Webhook ordering and retry protocol

Deliver every event at least once, let duplicates be harmless, and never let a later event for the same key slip past one that hasn’t landed yet.

The idea

A webhook sender pushes events to a consumer over HTTP. The network is flaky, so the sender retries until it sees a 2xx acknowledgement — that is at-least-once delivery, which means the consumer can see the same event more than once. To make duplicates harmless, every event carries an idempotency key: the consumer applies it once and ignores replays.

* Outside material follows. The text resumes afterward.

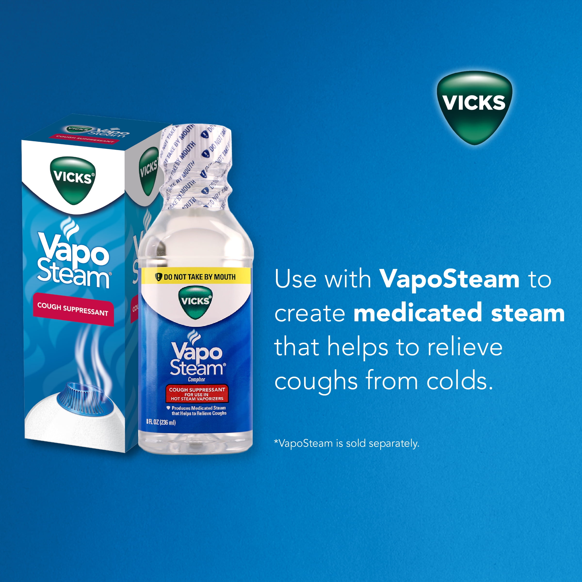 - Has a medicine cup that’s compatible with Vicks Vapo steam or Kaz Inhalant, which are sold separately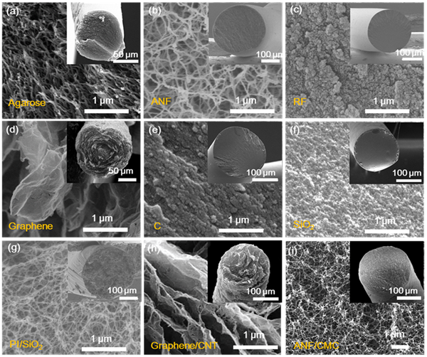 图3.通过SGCT策略制备不同种类的气凝胶纤维扫描电镜照片(a)琼脂糖气凝胶纤维;(b)芳香聚酰胺气凝胶纤维;(c)间苯二酚-甲醛气凝胶纤维;(d)石墨烯气凝胶纤维;(e)碳气凝胶纤维;(f)氧化硅气凝胶纤维;(g)聚酰亚胺/氧化硅杂化气凝胶纤维;(h)石墨烯/碳纳米管杂化气凝胶纤维;(i)芳香聚酰胺/羟甲基纤维素杂化气凝胶纤维。

Order matters only within a key (one order, one account). The sender stamps each event with a per-key sequence number and refuses to deliver seq n+1 until seq n is acked — that is head-of-line blocking. Different keys are independent, so they flow in parallel. After a bounded number of retries a stuck event moves to a dead-letter queue rather than blocking forever.

See it work

Press play to watch four events flow from the sender to the consumer.

How it works

// SENDER — per consumer endpoint, one in-flight delivery per key
deliver(event):                       // event = {id, key, seq, payload}
    while seq(event) != next_expected[key]:   # head-of-line: wait turn
        hold(event)

    attempt = 0
    backoff = base                    # e.g. 1 second
    loop:
        resp = POST(endpoint, event,
                    headers={ "Idempotency-Key": event.id,
                              "X-Seq": event.seq, "X-Key": event.key })
        if resp.status in 2xx:        # ACK
            ack(event)
            next_expected[key] += 1   # release the next same-key event
            return DELIVERED
        attempt += 1
        if attempt > MAX_ATTEMPTS:
            dead_letter(event)        # park it; do NOT advance the key
            return DEAD_LETTERED      # later same-key events stay blocked
        sleep(backoff + random_jitter())   # exponential backoff + jitter
        backoff = min(backoff * 2, cap)

// CONSUMER — idempotent apply, dedup by idempotency key
on_event(event):
    if seen.contains(event.id):       # duplicate redelivery
        return 200                    # ack again, no side effect
    apply(event.payload)              # the real, ordered work
    seen.add(event.id)
    return 200

Cost

Mechanism	Guarantee	Cost
At-least-once + idempotency key	No event is silently lost; replays are safe	Consumer must store seen keys and dedup
Per-key ordering (seq + HOL block)	Same-key events apply in order	One stuck event stalls only its own key
Global ordering	Everything applies in one total order	One stuck event stalls all traffic — usually too costly
Exponential backoff + jitter	A struggling consumer gets breathing room; retries spread out	Higher tail latency for a flapping event
Dead-letter queue after max attempts	A poison event can’t block its key forever	That key’s later events need manual or replay recovery

Watch out for

Retrying same-key events in parallel — a retry of seq 1 and a fresh seq 2 race, and 2 can land first. Keep one in-flight delivery per key.
No idempotency key, so a redelivered event runs its side effect twice — a second charge, a duplicate email. At-least-once requires dedup.
Retrying immediately with no backoff hammers a consumer that is already failing, turning a blip into an outage. Always back off, and add jitter so retries don’t synchronise.
Assuming global ordering when the contract is only per-key. Two different keys may arrive in any relative order — design for it.
No dead-letter path, so one poison event retries forever and blocks every later event for its key. Cap attempts and park failures.

Worked example

An order service emits order.created (key A, seq 1) then order.updated (key A, seq 2) for the same order_id. If updated arrives at the consumer first, it tries to update a row that doesn’t exist yet — a lost or corrupted update.

So the sender holds order.updated until order.created is acked. Suppose the first POST of created times out. The sender does not fire updated in the meantime; it retries created after 1s, then 2s, then 4s (each plus a little jitter). When created finally returns 2xx, the consumer advances key A to seq 1 and updated is released and delivered — now applying to a row that exists. Meanwhile an unrelated payment.settled (key B, seq 1) was never blocked: different key, delivered in parallel. And if the network double-delivers created, the consumer sees the same idempotency key, returns 200, and skips the side effect.

Check yourself

Event A:1 is timing out and being retried. Event A:2 (same key) is ready to send. What should the sender do with A:2?

The consumer’s network duplicates a delivery, so it receives order.created twice with the same idempotency key. What makes this safe?